Assignment: Unless it is a picture, every line from the start of the entries through the line with "Restauranten på lodgen" must be retyped exactly.

*** Opening of Dataset records ***

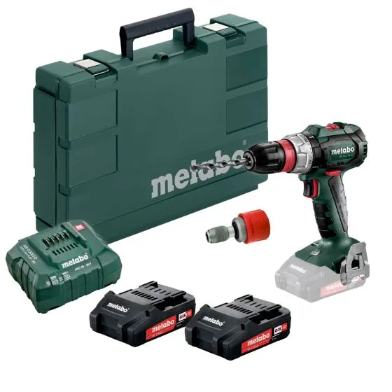 Metabo 18v BS 18 LT BL Q Cordless Drill Driver inc 2x 2.0Ah Batteries, ASC 30-36V Charger in Carry Case 602334550
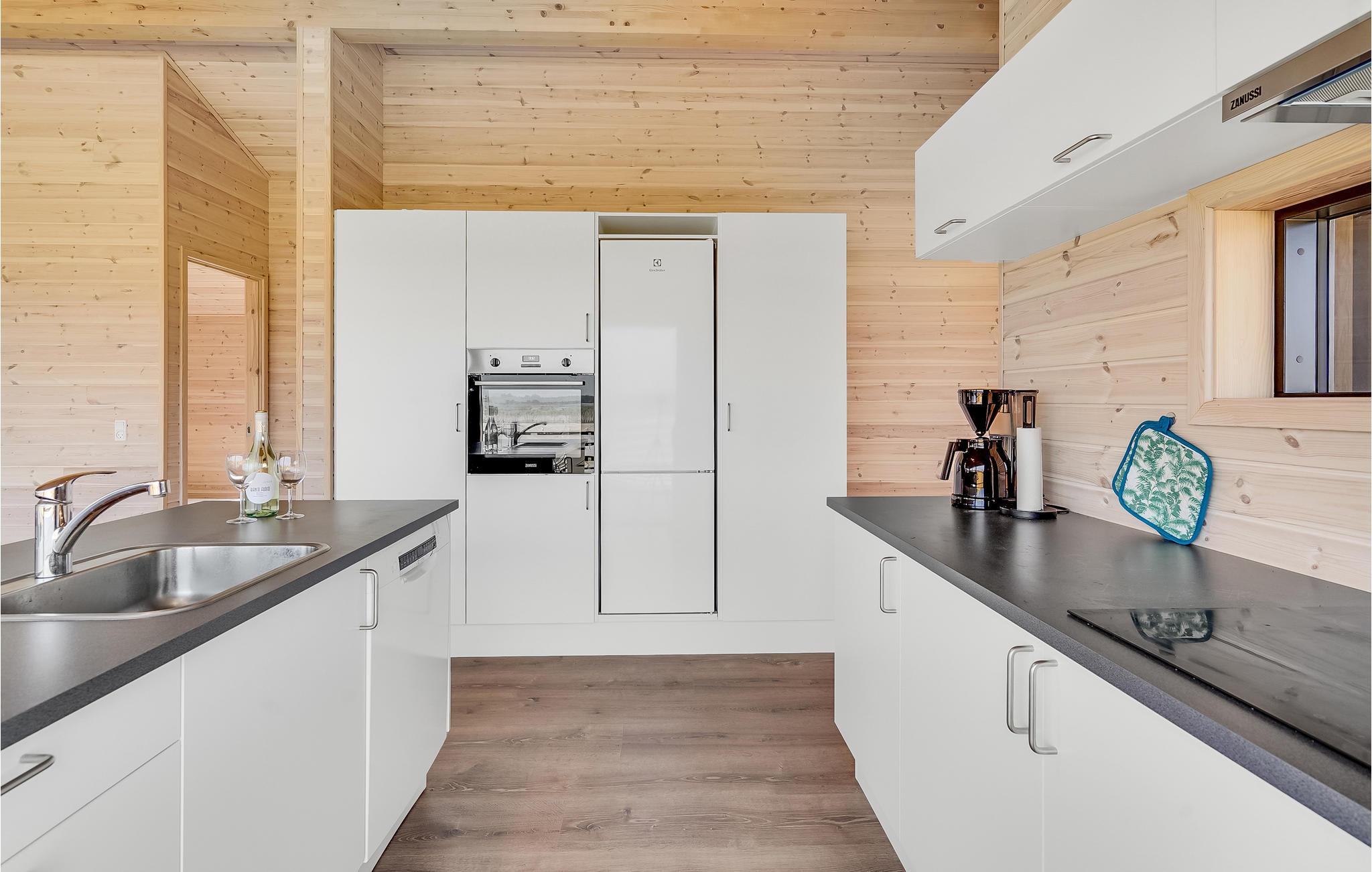 Velkommen til dette indbydende sommerhus, som er indrettet og udstyret med flotte, stilrene faciliteter. Husets hjerte er den lyse stue med åbent køkken, dejlig spiseplads og sofahjørne, hvor I kan tilberede måltider sammen, slappe af på sofaen og nyde hinandens selskab. Fra spisebordet og sofaen har I en dejlig, bred udsigt over landskabet, som ikke er afskærmet.
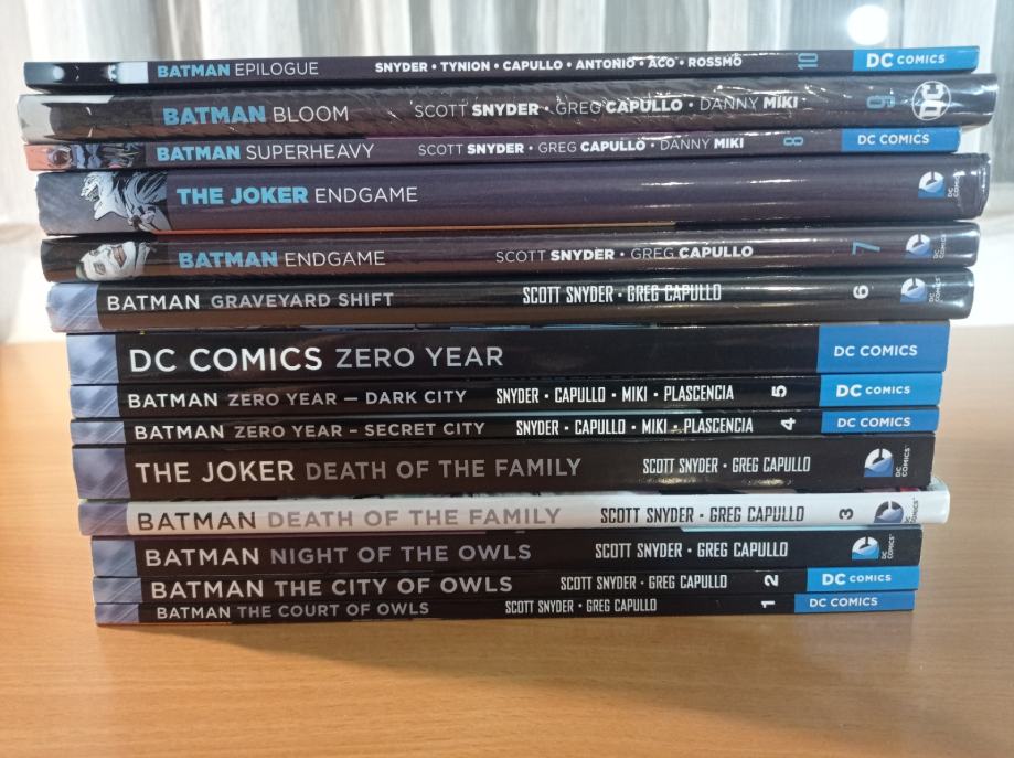 u 10 knjiga + 4 tie-in masivne knjige (2011-2016), full glanceri, novi nečitani, a hardcoveri zapakirani u originalnim plastikama. Ovo je najkompletniji set New52 Batmana kojeg možete naći.
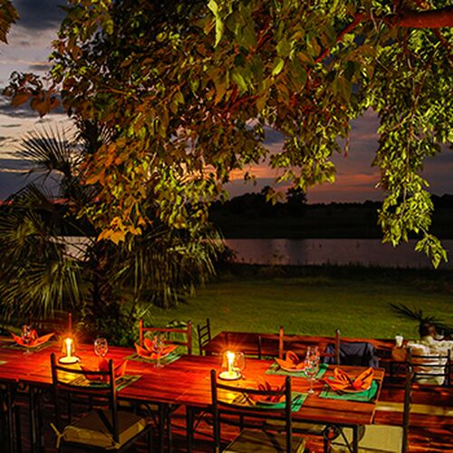 Restauranten på lodgen tilbyder noget fremragende mad med sæsonbetonede lokale råvarer. Udover stedets signaturetter kan man også forvente at finde regelmæssigt skiftende menu baseret på de lokalbaseret råvarer. Baren har udsigt over pool området og floden, hvor man her man nyde solnedgangen til et forfriskende drink i mens man ser vandfuglene ved floden.
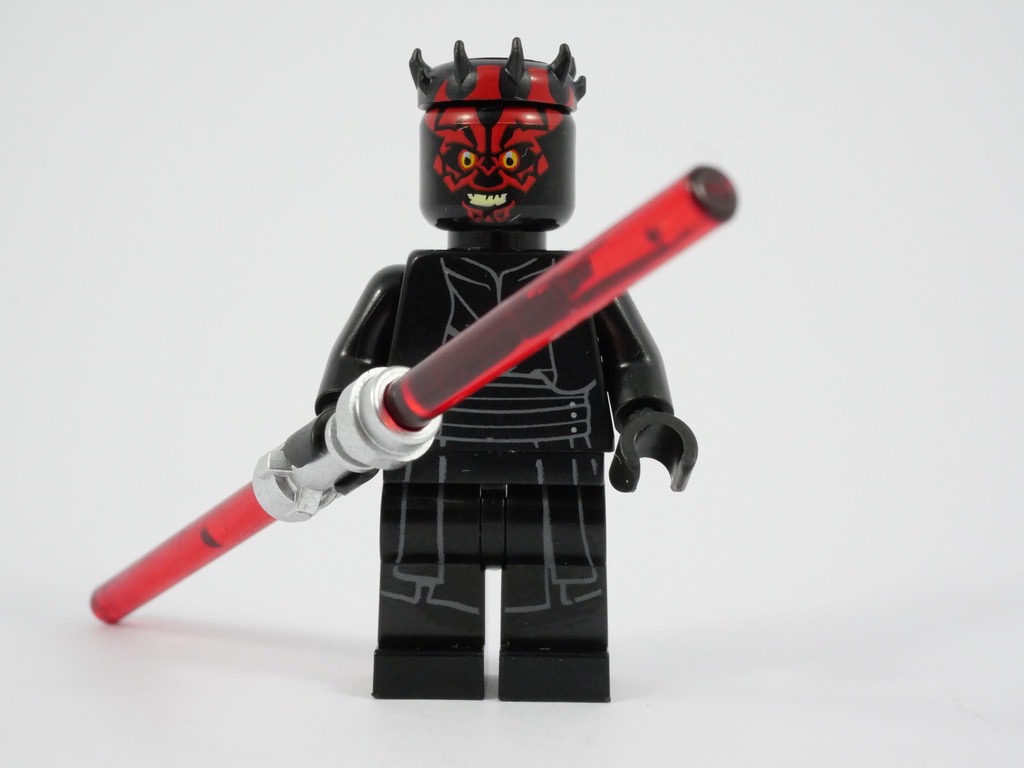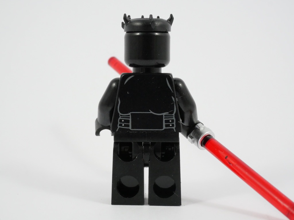 Le torse et les jambes sont tampographiées de gris sur fond noir. C’est très détaillé, et bien réalisé. Le raccord entre la ceinture et le torse est (presque) parfait. Darth Maul arbore un sourire menaçant sur son visage très bien réalisé également. Il s’agit en fait d’une tête standard, sur laquelle est rapportée un « couronne » à pointes… c’est d’ailleurs le reproche que l’on pourra faire à cette minifig : la démarcation est vraiment visible et nuit à l’aspect général.
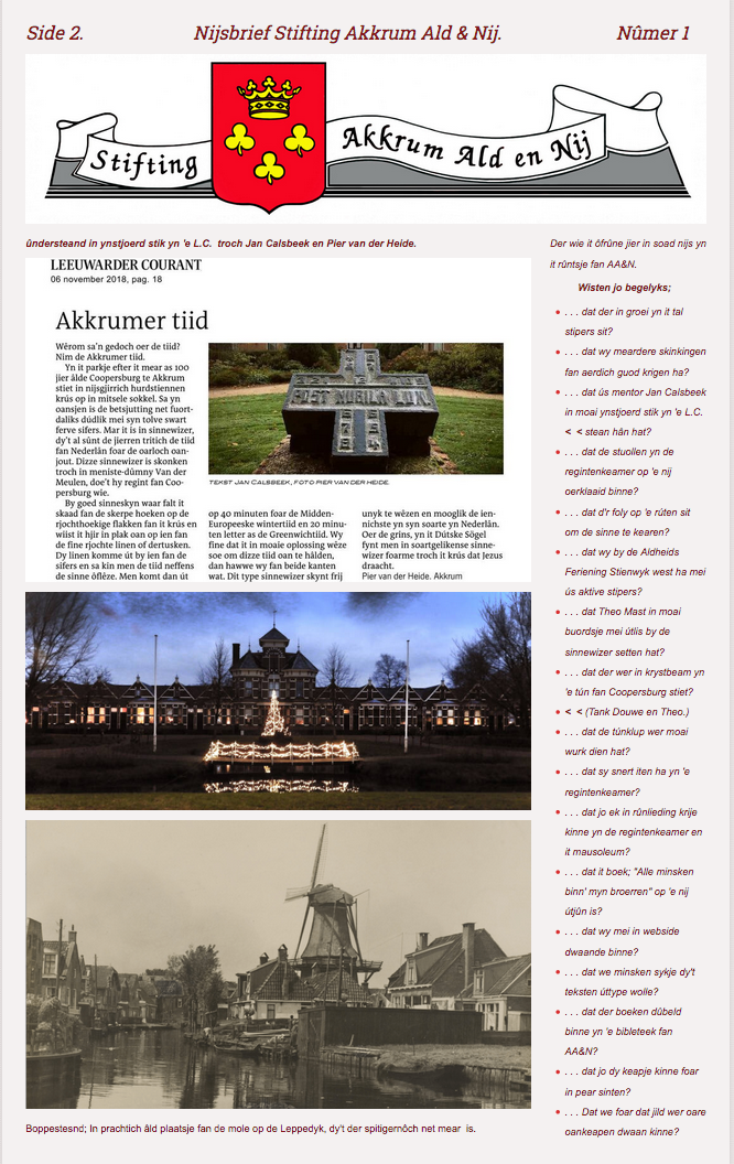 Side 2. Nijsbrief Stifting Akkrum Ald & Nij. Nûmer 1

*** Close of Dataset records ***

Expected answer:
 Metabo 18v BS 18 LT BL Q Cordless Drill Driver inc 2x 2.0Ah Batteries, ASC 30-36V Charger in Carry Case 602334550
 Velkommen til dette indbydende sommerhus, som er indrettet og udstyret med flotte, stilrene faciliteter. Husets hjerte er den lyse stue med åbent køkken, dejlig spiseplads og sofahjørne, hvor I kan tilberede måltider sammen, slappe af på sofaen og nyde hinandens selskab. Fra spisebordet og sofaen har I en dejlig, bred udsigt over landskabet, som ikke er afskærmet.
 u 10 knjiga + 4 tie-in masivne knjige (2011-2016), full glanceri, novi nečitani, a hardcoveri zapakirani u originalnim plastikama. Ovo je najkompletniji set New52 Batmana kojeg možete naći.
 Restauranten på lodgen tilbyder noget fremragende mad med sæsonbetonede lokale råvarer. Udover stedets signaturetter kan man også forvente at finde regelmæssigt skiftende menu baseret på de lokalbaseret råvarer. Baren har udsigt over pool området og floden, hvor man her man nyde solnedgangen til et forfriskende drink i mens man ser vandfuglene ved floden.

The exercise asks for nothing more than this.